Near Mablethorpe

Wednesday June 6, 2012 § Leave a comment


The dress was probably spoiled. She winced as she pulled it up and straight, almost standing in the cramped space, feeling the crown of her head brush against the fabric of the roof. Rain fell darkly against the windscreen. Then she saw him emerge over the shallow rise above the dunes, and the start of the narrow track that ran right the way down to the beach. The dog followed behind, half-galloping, half-falling against the wind.
        -You know what I love most about blowjobs? he said, winding down the window with one hand, while in the other he held the half-rolled cigarette.
        She smiled, and he laughed a little, a silent, airless little laugh. He smelled of tobacco and dog. Turning to look out of the window she regretted the dog hair that matted the upholstery and stuck to her clothes.
        -What? he said.
        They ate with the radio on. The sea moved gravely before them in grey lines. Along the coast the empty smoke of the refinery puffed on the wind. She watched in the mirror as another car pulled up, and then as quickly pulled away. Darting from the car she threw their rubbish over the brow of the hill, watching it fall amongst the tall grass.

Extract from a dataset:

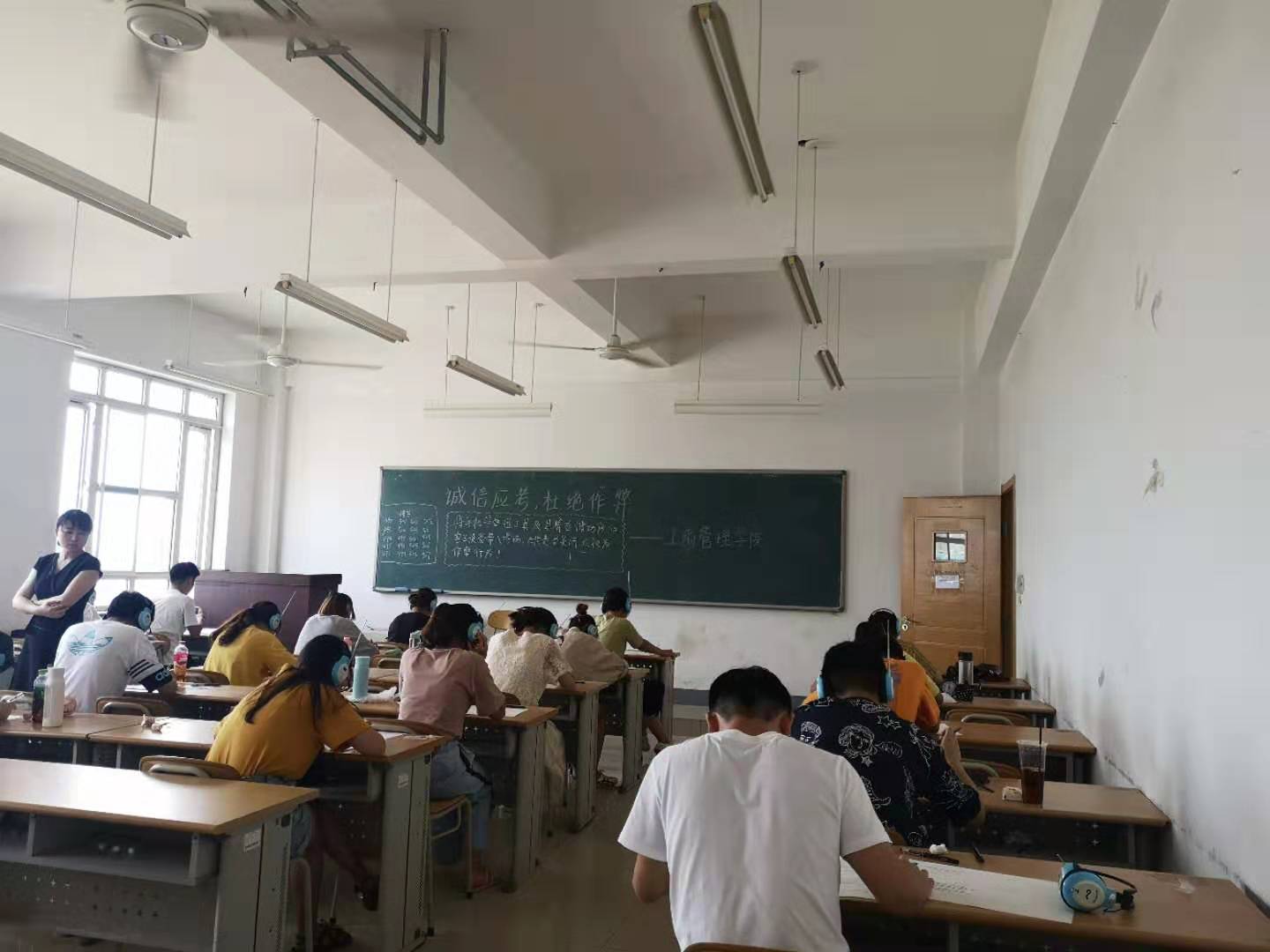 考试期间,学院员工会学习部安排专人在每一个考试教室标注“诚信应考,杜绝作弊”的警示标语,学院领导、带班辅导员多次巡视考场纪律,保障了整个考试过程的有序进行。

        That night they ate at the hotel. The rain now fell in watery sunlight and from their table near the bar she was overlooking the golf links, while Dick had his back to it. A thick brocade curtain lay against the window. She ordered another Bloody Mary.
        -Will we go to Mablethorpe tomorrow? she said, fingering the rim of her glass. She had in mind her holidays there as a child. A girl came by to close up the curtains, even though it was still light outside.
        Dick was still eating.
        -What will we do with the dog?
        -He can run around on the beach, she said. Like he has every day. There’s a beach.
        They agreed they would go, depending on the weather.
        -I should probably teck him some water, he said. The dog was in the car, sleeping on a blanket with Dick careful to ensure the window was open, just a touch. Here, he said, you want that, a piece of steak. It was mostly gristle.
        -No, she said. I’m going to the bathroom.
        When she came back Dick was at the bar, talking with two Australians they had met the night before. They were on the way to King’s Lynn, but were enjoying a diversion. She walked right past them on purpose, and when they beckoned her over, after she had been sitting a few minutes, she made her excuses and went back to the room.
        Dick stayed in the bar until last orders, when he ordered a brandy, no ice. He was alone by now, perspiring heavily under the hot, close lights of the bar. The manager had stood him the last drink, and they talked until all the other patrons had gone, Dick leaning across the narrow counter, the manager standing in the opened bar-flap supping on a half. When it was time to leave, the manager gave him a bowl for the dog’s water.
        Outside, Dick stepped heavily into the yard. Mary had been stirred awake by another guest and had lain awake for several minutes. She was hot, and had pushed open a window. Now she heard him moving about on the cobblestones, talking softly to the dog. It must still have been raining because when he came to bed his clothes were wet.